Maybe you can explain how the container creates the paperless user: why is it necessary, why do the chown at all? Can't it just be run as root or whichever user is passed in?
docker run … -u dockeruser
Doesn't docker run the image as root (uid 0) anyway? Why the need to create a new user and group? My guess is that building the container in the Dockerfile the commands are operating as root. Shouldn't the chown be executed by the root user within the container?
The reason for not using root is security: if the Paperless application had e.g. a remote code execution exploit, you'd instantly have root permissions in the container making it easier to cause harm, potentially even to the host running the container.
You are right that the image is run as root, and the chowns are executed as root, it is only the application that is started as paperless, which is why permissions shouldn't be an issue...
A further reason for having a separate user and enabling remapping of the UID and GID of the user is that on the consumer the user will usually mount the consumption and export directories, which they usually want to keep the rights of their personal user for. So if the e.g. have a user with UID/GID 1002 on the host, the container would allow remapping to that UID/GID as to not cause a permission headache when sharing files between the host and the container.

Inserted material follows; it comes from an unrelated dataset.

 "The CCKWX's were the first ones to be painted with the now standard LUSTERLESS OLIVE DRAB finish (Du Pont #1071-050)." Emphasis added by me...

With all that being said, you can of course try to simply run the image as root by disabling the chown and removing the sudos:
diff --git a/scripts/docker-entrypoint.sh b/scripts/docker-entrypoint.sh
index df8df8f..0e65283 100644
--- a/scripts/docker-entrypoint.sh
+++ b/scripts/docker-entrypoint.sh
@@ -39,7 +39,7 @@ set_permissions() {
} >&2
done
# Set permissions for application directory
- chown -Rh paperless:paperless /usr/src/paperless
+ #chown -Rh paperless:paperless /usr/src/paperless
}
migrations() {
@@ -50,7 +50,7 @@ migrations() {
if (set -o noclobber; echo "$$" > "${LOCKFILE}") 2> /dev/null
then
trap 'rm -f "${LOCKFILE}"; exit $?' INT TERM EXIT
- sudo -HEu paperless "/usr/src/paperless/src/manage.py" "migrate"

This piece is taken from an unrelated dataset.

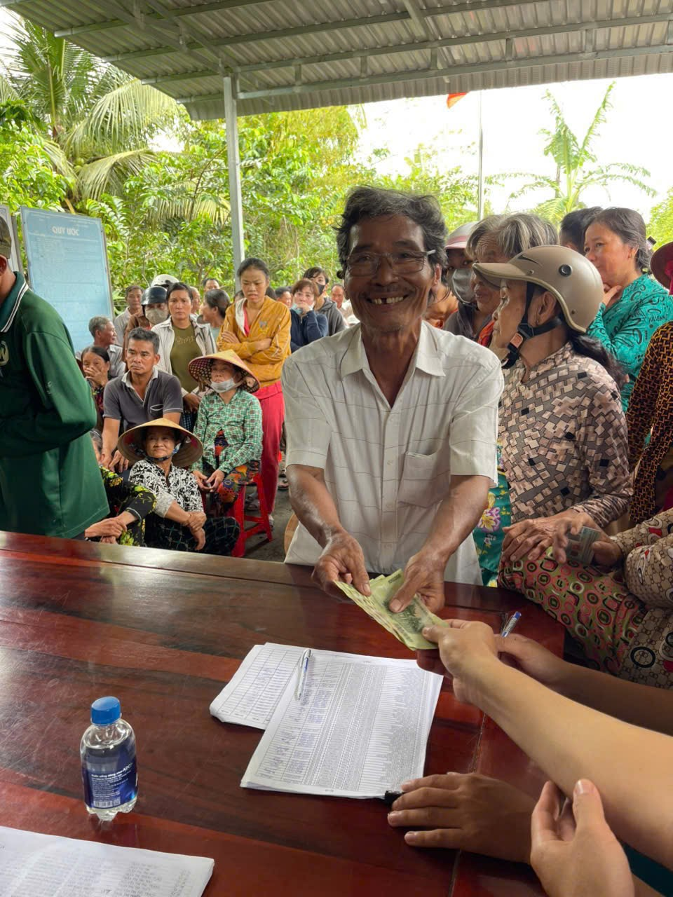 Người dân phấn khởi nhận quà nhân dịp Tết Độc lập tại xã Tân Hòa

+ /usr/src/paperless/src/manage.py "migrate"
rm ${LOCKFILE}
fi
}
@@ -99,7 +99,7 @@ if [[ "$1" != "/"* ]]; then
install_languages "$PAPERLESS_OCR_LANGUAGES"
fi
- exec sudo -HEu paperless "/usr/src/paperless/src/manage.py" "$@"
+ exec /usr/src/paperless/src/manage.py "$@"
fi
exec "$@"
There's also a chown in the Dockerfile:
chown -Rh paperless:paperless /usr/src/paperless && \
Should that be commented out as well?
It might be necessary to have that chown to root:root instead, mainly for the executable permissions.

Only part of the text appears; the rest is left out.